Un rapport produit par le Secrétariat de la CITES sur les progrès réalisés par ces pays dans leur application des PANI a soulevé d’importantes préoccupations, car, bien qu’il y ait eu un certain progrès, les actions entreprises par les pays concernés n’ont pas été à la mesure des niveaux de braconnage, du commerce illégal et de la corruption en cause.
L’Afrique du Sud est identifiée comme étant un pays « de préoccupation secondaire ». Cela étant, cette Partie n’a pas dû fournir un PANI, pour une raison inexpliquée et malgré le fait que cet Etat soit lourdement impliqué dans les exportations d’ivoire travaillé vers l’Asie. Une demande d’inclure l’Afrique du Sud dans le processus des PANI est attendue.

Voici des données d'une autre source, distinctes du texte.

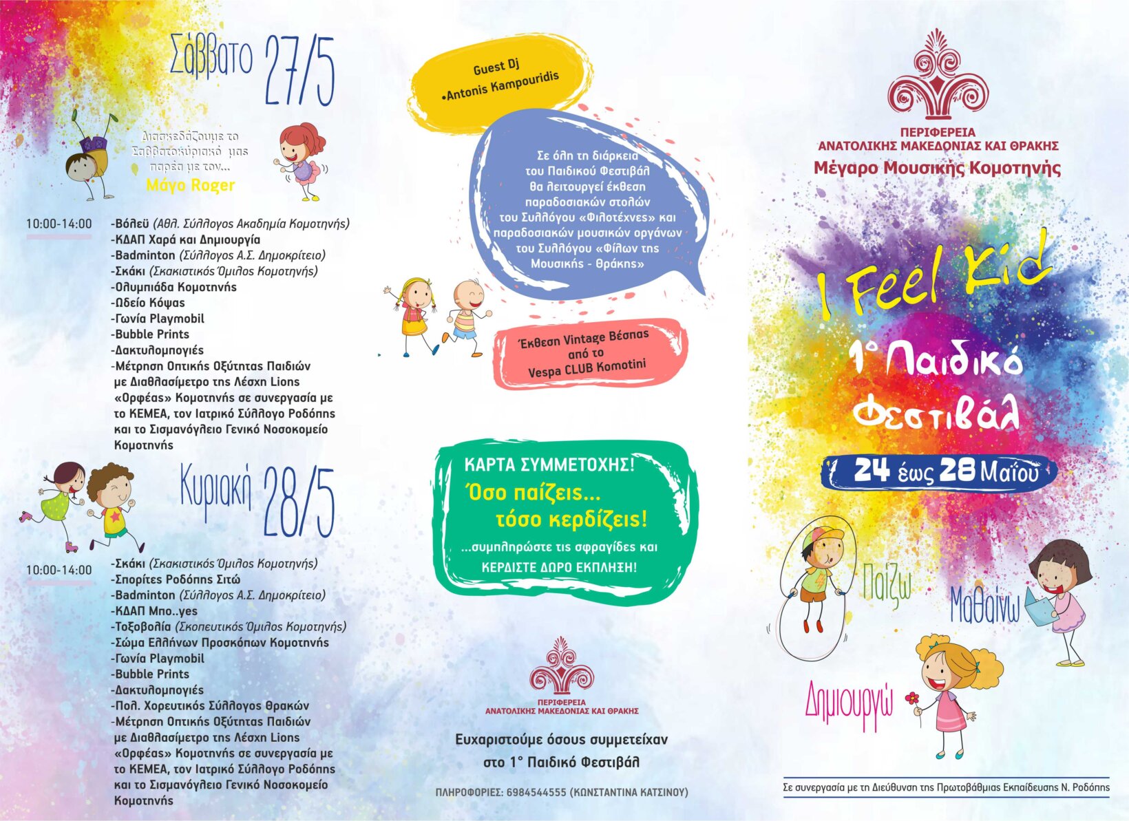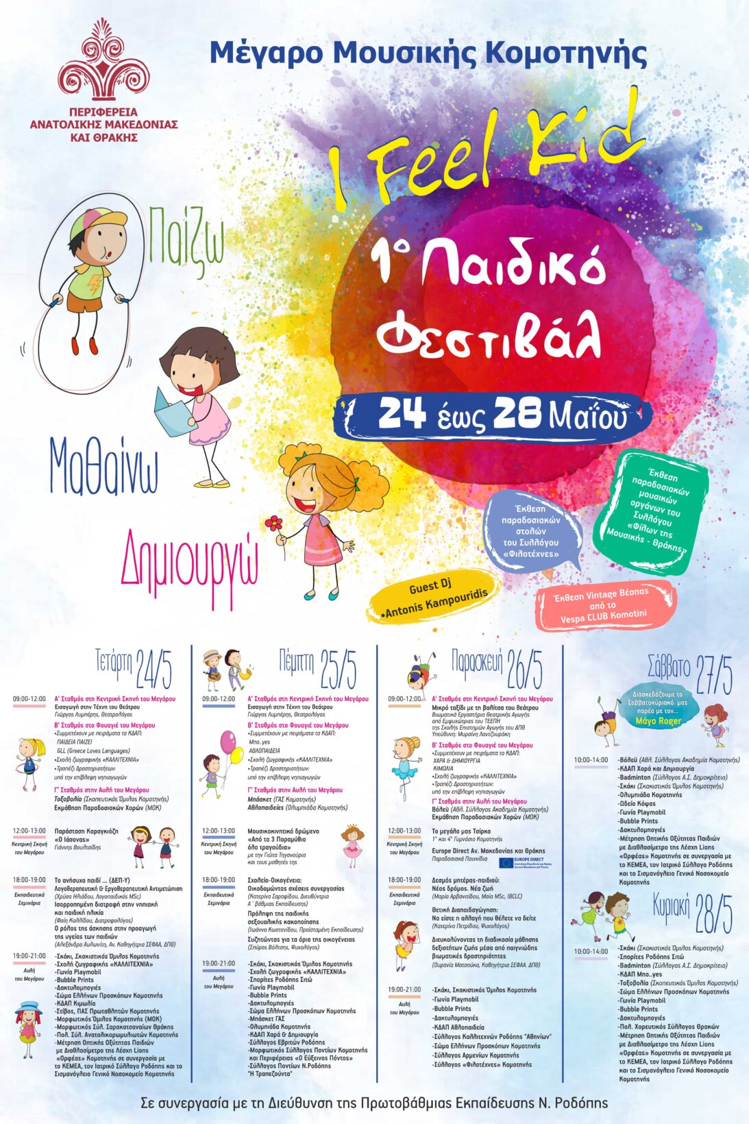 H Περιφέρεια Ανατολικής Μακεδονίας και Θράκης διοργανώνει το 1ο Παιδικό Φεστιβάλ «Παίζω, Μαθαίνω, Δημιουργώ» στο Μέγαρο Μουσικής Κομοτηνής, από την Τετάρτη 24 Μαΐου έως και την Κυριακή 28 Μαΐου2023, κατά τις πρωινές ώρες 9:00 έως 13:00 και τις απογευματινές ώρες 18:00 έως 21:00, με την συνεργασία της Δ/νσης Α/θμιας Εκπαίδευσης Ροδόπης και των συλλόγων και φορέων της περιοχής.
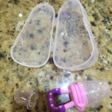 Each Fruit Feeder Pacifier (and feeder head) is made from high-quality silicone that is ultra soft. The pacifier is safe to wash under hot water with liquid soap, and each order comes with one dust cover to ensure that the pacifier stays clean when not used or protected if dropped accidentally.
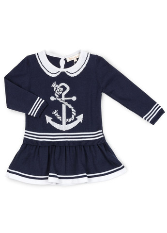 Повседневное, стильное и очень милое платье из тонкого вязаного трикотажа, выполнено в классическом сочетании тёмно-синего и белого цветов, украшенное эффектным, объёмным якорем сверкающим серебристыми стразами.
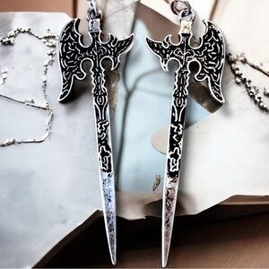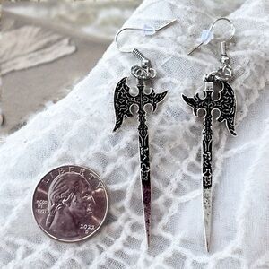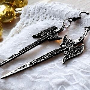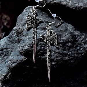 Stylish silver toned axe earrings with detailed design. Perfect for a DND player
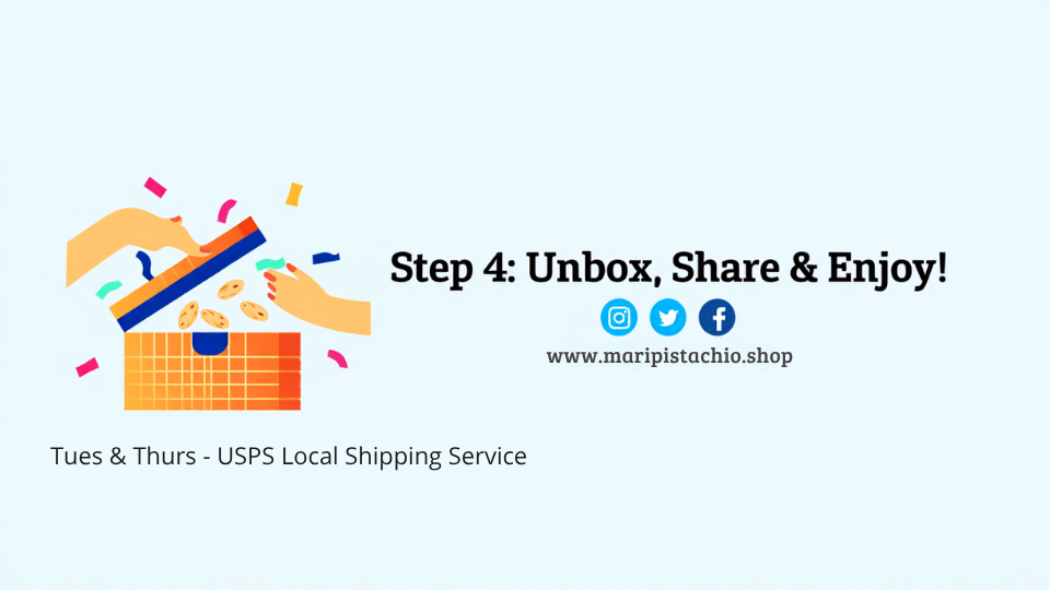 We love seeing our cookies in the wild! Feel free to share your experience and tag us on social media. @maripistachio.shop
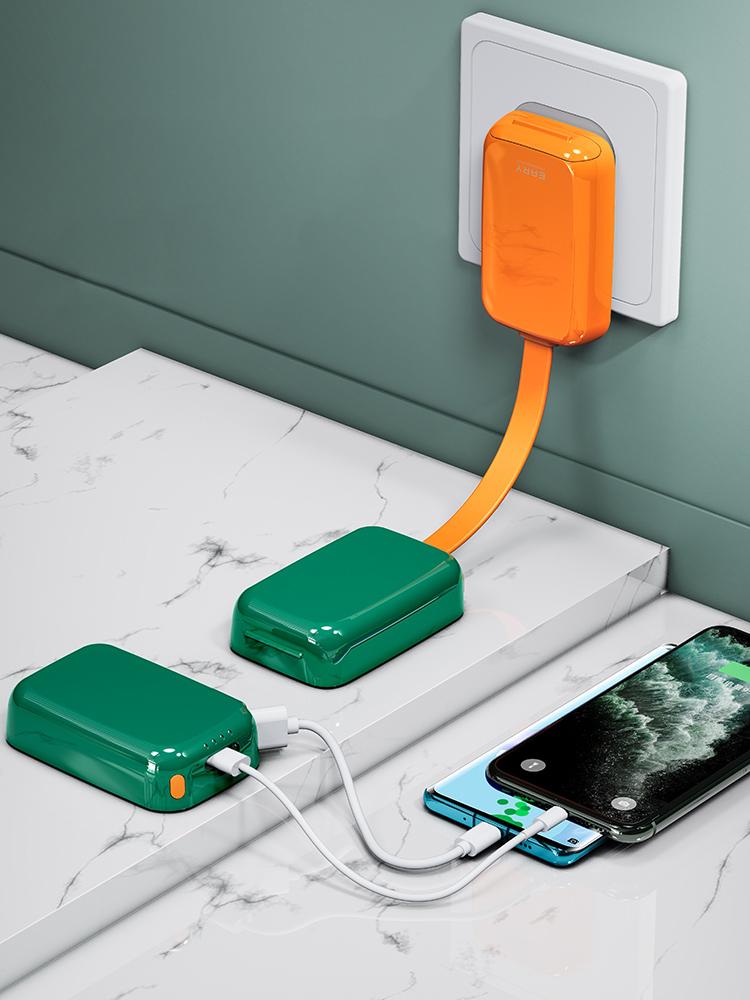 这是一个充电宝,又不是,因为它集合了“充电宝+充电器+数据线+手机支架+收纳”等功能,一体化集成式的结构专为出行而设计,让你不会因为需要带很多手机配件而凌乱,出门时随手抓起它,全部就够了。
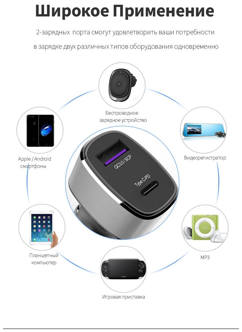 Отзывы на Автомобильное зарядное устройство PD3.0 27W + QC3.0 36W для быстрой зарядки IPhone, Android / подсветка
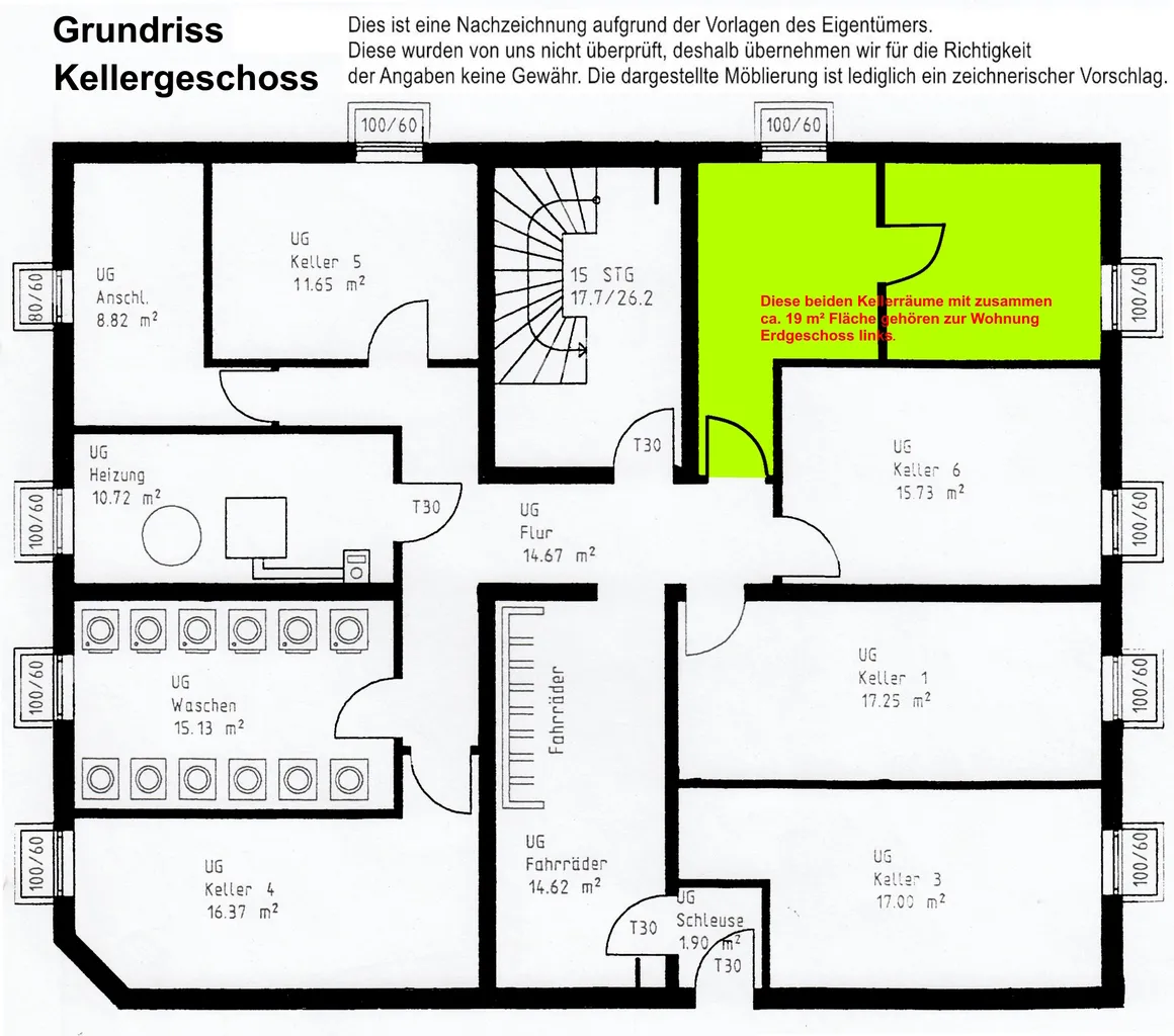 - Zwei Kellerräume mit einer Gesamtfläche von ca. 19 m²
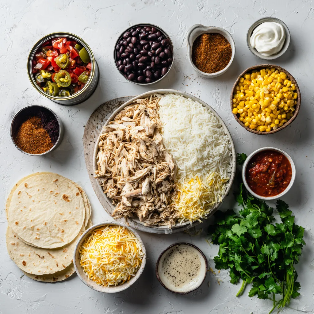 The Chicken Burrito Casserole is simple and packed with flavor. Here’s what you need:
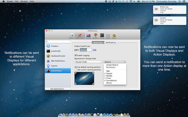 6、从Cocoa、AppleScript、网络都能给Growl发送通知。
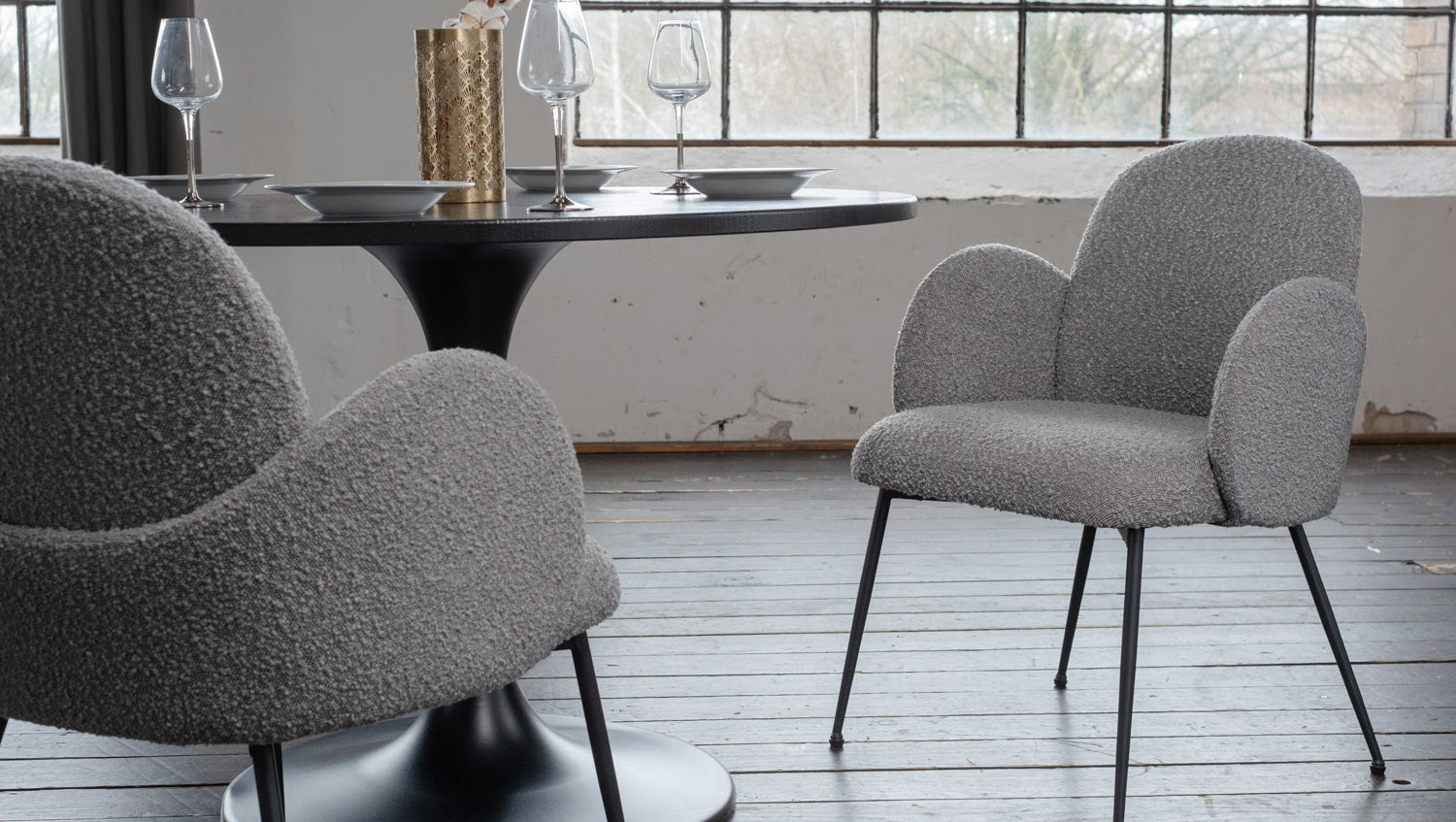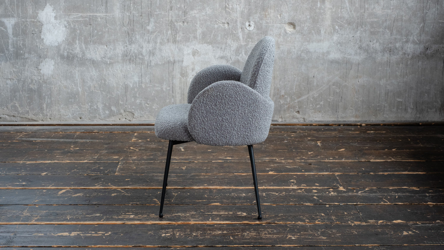 • Carcasa del asiento: Funda de tejido bouclé de alta calidad
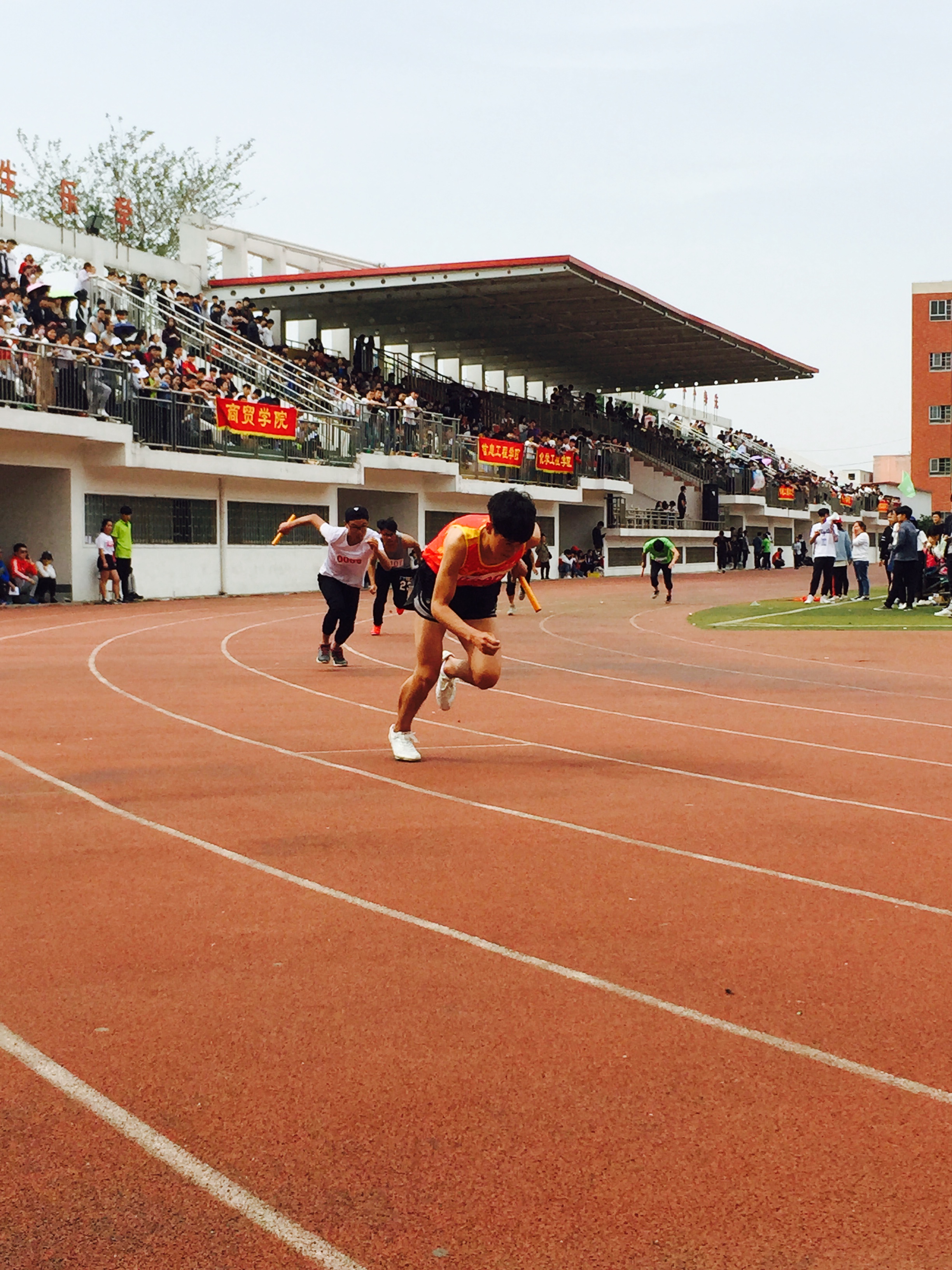 4*100的完美接力,他全速前进,由于体力透支,差点被超越,他没有轻言放弃,因为他是多少人的希望啊!咬紧牙关,冲向终点,当闯过胜利的红线时,翩若蝴蝶般跌倒在同学们的怀抱中。
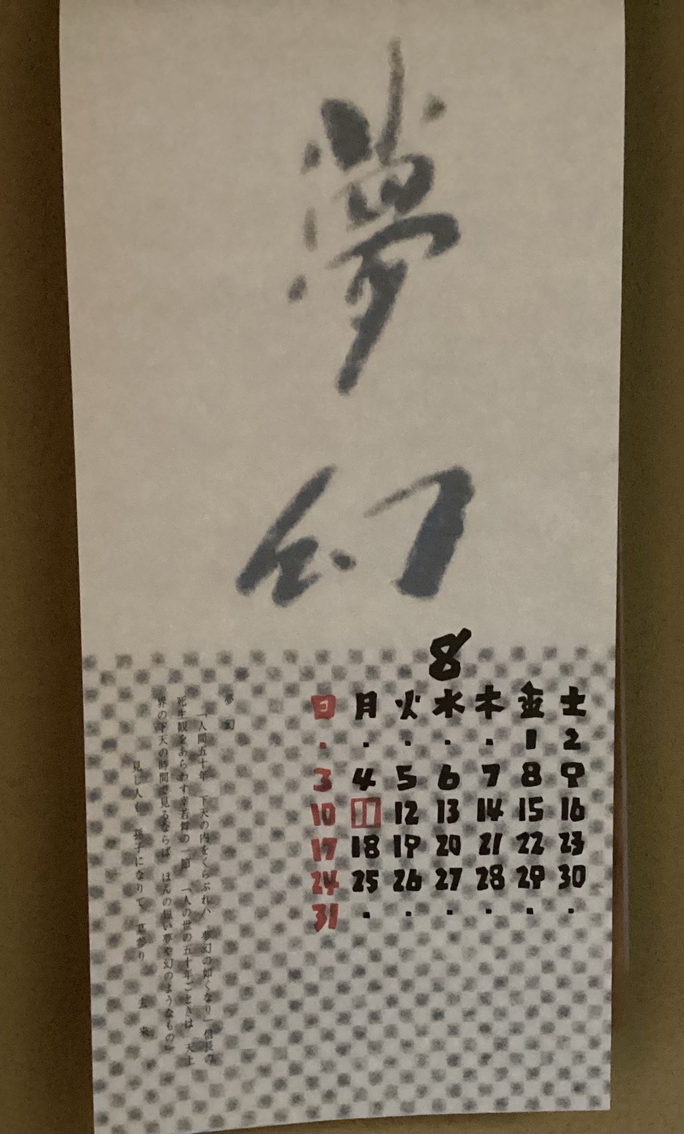 今年の歌会始めの勅題は「夢」勅題に因んだ8月のカレンダーです。
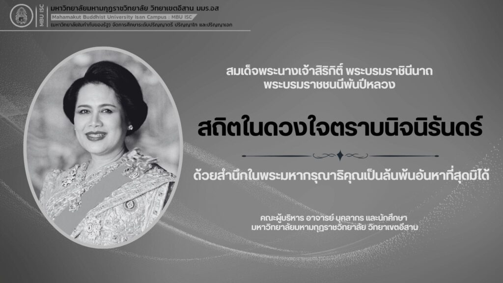 ขอน้อมถวายอาลัย พระผู้เสด็จสู่สวรรคาลัย ด้วยสำนึกในพระมหากรุณาธิคุณอันหาที่สุดมิได้ สมเด็จพระนางเจ้าสิริกิติ์ พระบรมราชินีนาถ พระบรมราชชนนีพันปีหลวง คณะผู้บริหาร อาจารย์ บุคลากร และนักศึกษา มหาวิทยาลัยมหามกุฏราชวิทยาลัย วิทยาเขตอีสาน
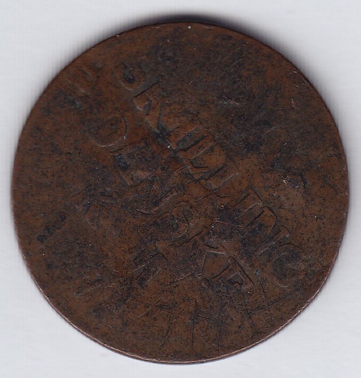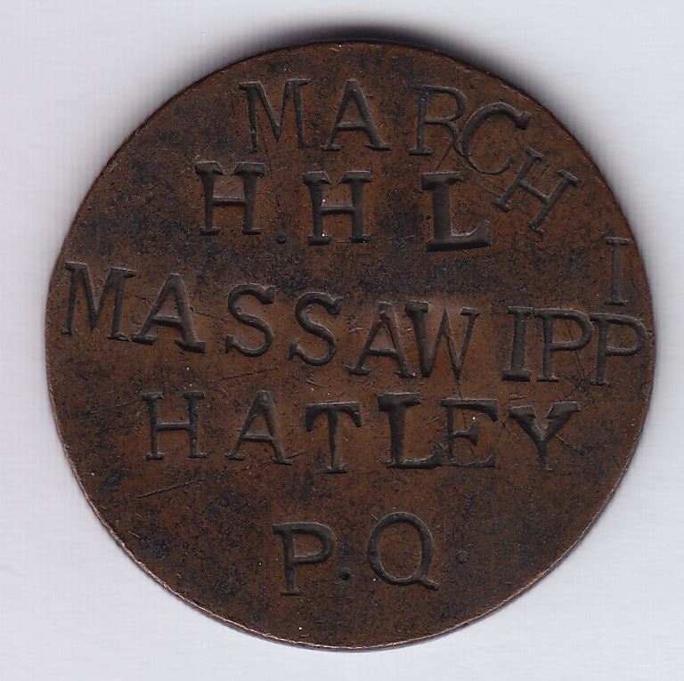 Countermarked Coin MARCH 1 / H.H.L / MASSAWIPPI / HATLEY / P.Q. counterpunched on filed obv. of Danish skilling, 1771, WB-459.

Le Japon, quant à lui, est un pays « méritant d’être suivi », qui n’a pas non plus été inclus dans le processus des PANI, malgré la demande de la CEA en ce sens.
Le Secrétariat a publié un rapport exprimant des préoccupations quant au commerce d’ivoire considérable que connaissent la République démocratique populaire du Laos et la RDC. Ces deux pays sont accusés de graves violations des règles de la CITES. Toutefois, la CITES s’est montrée, par le passé, indulgente envers ces deux Etats. L’on s’attend dès lors à des appels provenant d’autres Etats pour que des mesures plus strictes soient prises, notamment des suspensions de commerce, afin que le Laos et la RDC s’alignent avec la réglementation CITES.